The project also investigates in detail evaporation processes that occur when icy dust particles warm up in the interstellar medium. Ice that covers them in cold nebulae is

composed of volatile substances, for example, nitrogen, carbon oxides etc., which evaporate sequentially, exposing deeper and deeper layers of ice while also affecting the composition of the gas phase.

Another type of chemical modelling — studies of the synthesis of organic compounds in the medium around massive star-forming regions — was started only in the second half of the project. In this theoretical work, a less detailed model is used, but it is able to reproduce various processes — reactions in the gaseous state and on the surface of dust, and the interaction of atoms and molecules with radiation moving through space. Such simulations reproduce the chemical evolution of cosmic star-forming nebulae over thousands and millions of years. The project investigates how the formed organic matter from the surface of dust reaches the gas phase, where it can be observed with radio telescopes from Earth. This modelling work is directly complemented by observations of methanol and other compound masers using Irbene radio telescopes. Organic matter masers (enhanced radio spectral line radiation transmitted by molecules) occur around young massive stars, and complementing their observations with astrochemical modelling will provide additional information about observed objects. The results of observations of masers have already been

published in the scientific literature, and results indicate a high gas density in the regions around young massive stars.

Research continues with observational and modelling work on phosphorus, one of the most important chemical elements for life. In collaboration with German and Italian astronomers, observations of distant star-forming regions and much closer comets in the Solar System have been made. These data are complemented by astrochemical computer modelling. In deep space, phosphorus is most often found in compounds with carbon, while, in comets, there is mostly the diatomic molecule PO. Therefore, compounds with oxygen are most likely the form in which phosphorus, at the beginning of the Solar System, arrived in large quantities on the newly formed Earth, where it now serves as an essential component of DNA and other biomolecules.

Planets form and acquire their initial set of organic compounds in regions much closer to a newly formed protostar — in the protoplanetary disk. This issue was addressed in the project by modelling the distribution of organic matter in the protoplanetary disk in two dimensions (Figure 2 is given as an example).
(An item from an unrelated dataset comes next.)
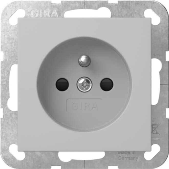 Steckdose mit Erdungsstift 16 A 250 V~ und erhöhtem Berührungsschutz (Safety Plus) Grau matt (lackiert) System 55 - Mit Steckklemmen. - Tragring ist in Verbindung mit den Befestigungskrallen und Krallenschrauben geerdet. - Schnellbefestigung (ca. 3,5 Umdrehungen pro Befestigungskralle). - Eingehauste Spreizkrallen. - Einfachere Krallenbefestigung durch robusten Schraubenkopfantrieb PZ1 / Schlitz / PH. - Vereinfachte Installation durch patentierte Anordnung der großen Schlüssellochprofile mittels Dosenschrauben. - Geringe Einbautiefe. - Große, ergonomisch geformte Lösehebel. - Stabiler Erdungsbügel mit massiven Erdungsfingern. - Stabiler und korrosionsbeständiger Stahltragring. - Bruchsicherer Thermoplastsockel. Nach NF C 61-314:2017 zugelassen. Nach NBN C 61-112-1:2017 zugelassen. Erhöhter Berührungsschutz (Safety Plus) gemäß DIN VDE 0620-1.

There is little work left to be done on the project. One of the tasks is to obtain data on the evolution of physical conditions in star-forming nebula. The density, temperature and radiation level of the nebula determine the main chemical processes that affect the opportunities for organic synthesis. In addition, in cold environments, a layer of ice, in which molecules transform much slower than in the gaseous state, freezes on the dust particles. Therefore, not only the conditions at a given time are important but also the history of the nebula’s physical development. To study the influence of this aspect on the concentration of organic compounds in dark nebulae, astrochemical modelling is being carried out.